I’d slip on my headphones and disappear into medieval Italy for hours at a time. It was perfect.

  Q. You’ll go back there to complete Torrent?

  A. Oh, yeah. Obsessive-compulsive now, remember?

  Q. What impact did your focus group have on these books?

  A. They saved me, over and over, from looking like the Dweeb Mom trying to speak to Teen Culture. There is an example right there—they’d never let a word like dweeb slip into Gabi or Lia’s speech. Moreover, I was encouraged when they fell in love with these characters with me. And they’ve been a good sounding board for me when I’m trying to figure out a particular plot or character problem. I loved hearing their feedback on the River of Time Series Facebook page or via my surveys.

  Q. What happens next for the characters in the series?

  A. Can’t tell ya. It’s between me, God, and the librarians.

  DISCUSSION QUESTIONS

  1. Growing up, most of us were taught to go the extra mile in peacemaking and getting along with others. But in this Us or Them medieval world, Gabi and Lia come up against this decision over and over again. What would it take to make you draw a line in the sand and refuse to budge? Would it be a societal trend, physical survival, or what?
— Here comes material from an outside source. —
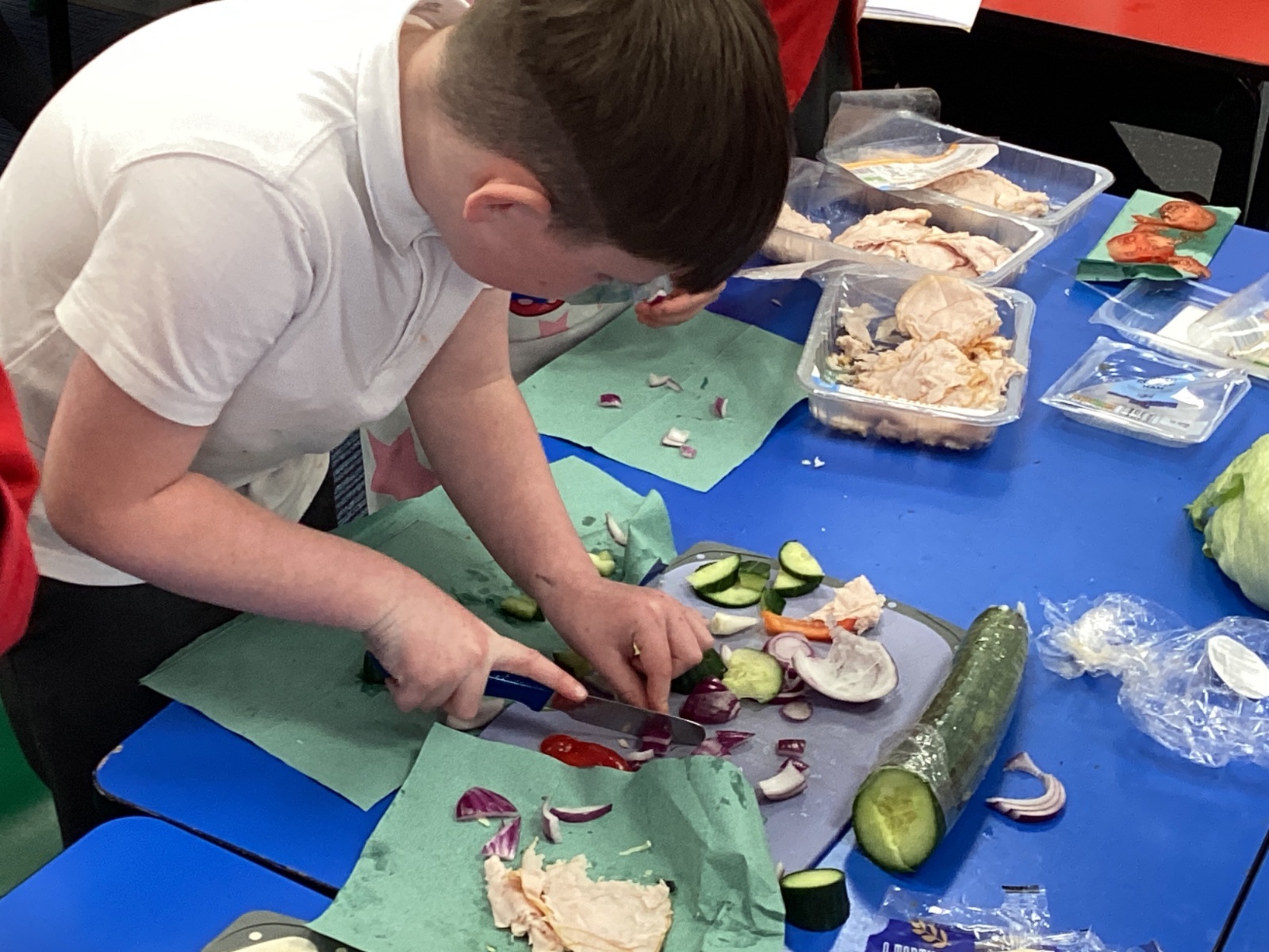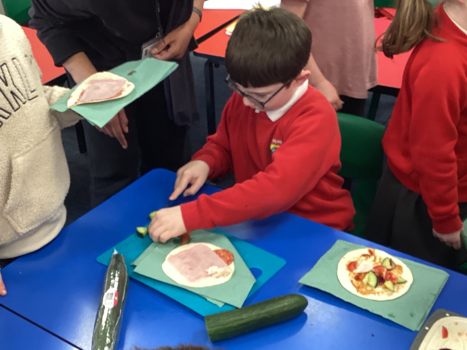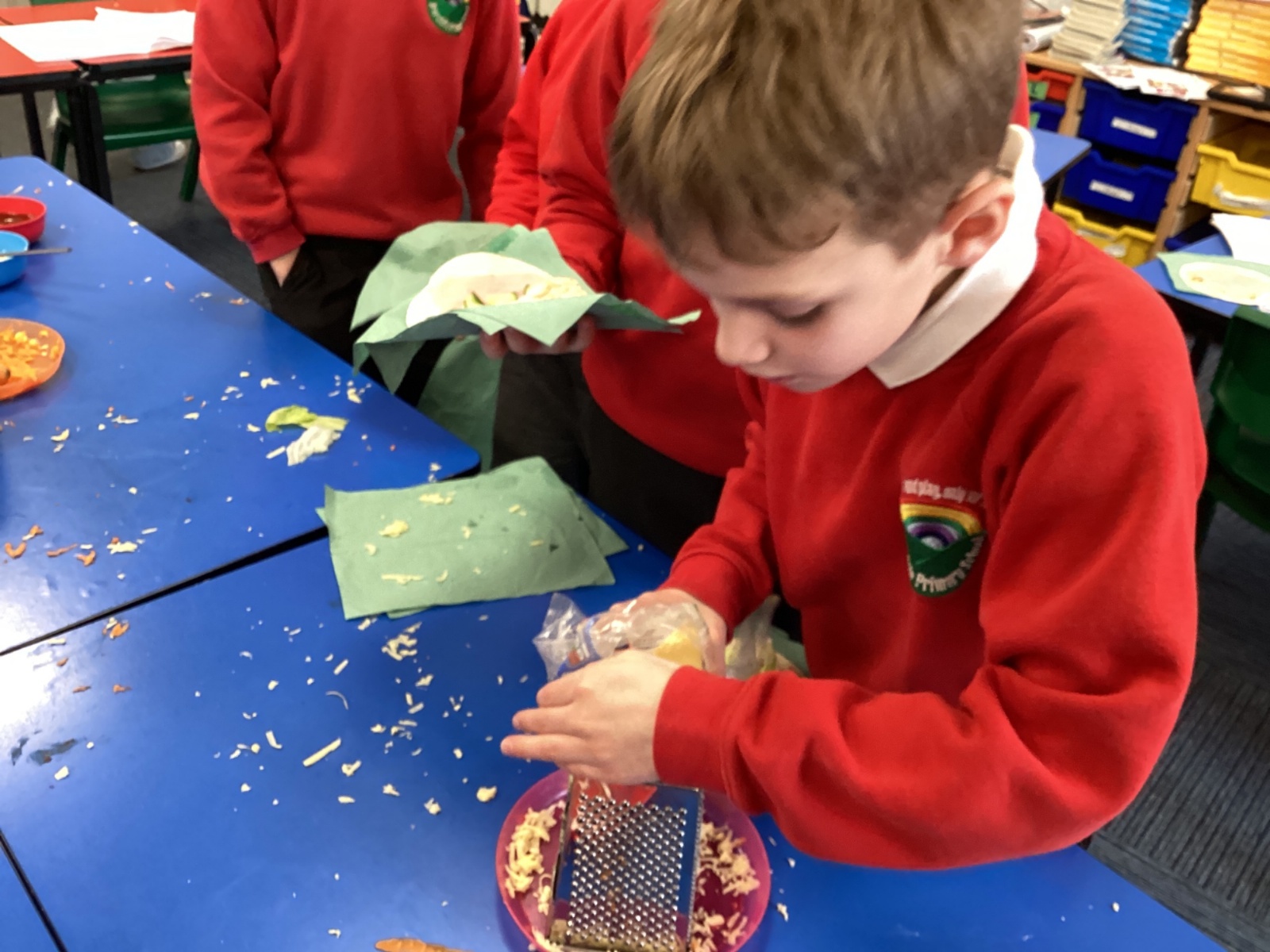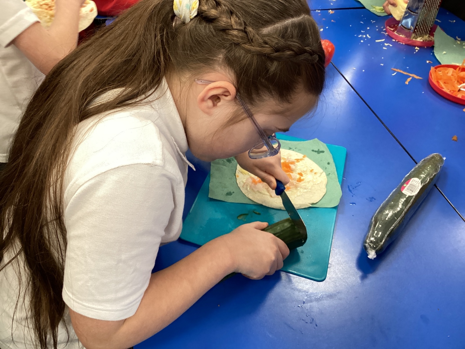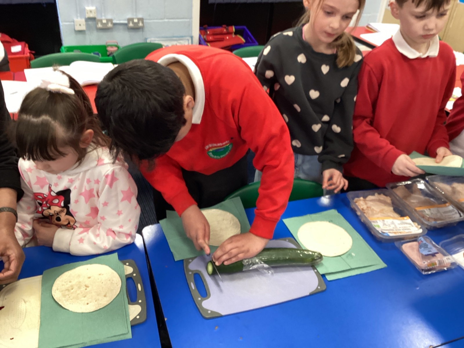 In D.T. the children produced their own booming bread based lunch using a range of healthy foods. They used knives, graters and peelers to prepare their ingredients and then explored the best ways to serve their final product. Michelin star pending...

Describe.

  2. Gabi goes through extreme physical and emotional trauma in this book. When she’s in the cage in Firenze, there is a very real possibility that she might die. Have you ever been on the edge of death? If so, describe. What did you learn about life that you want to remember? If you haven’t experienced this, what do you think it would teach you?

  3. Would you ever date two different brothers at different times? How about two guy friends? Why or why not?

  4. Do you ever wish arranged marriages were still done today? Discuss the pros and cons.

  5. Many lives are lost in the battle for borders, property, and power in this book. What land would you fight for? Your family property? Your state? Your country? Other countries? If you wouldn’t fight for any land, describe your thoughts on that.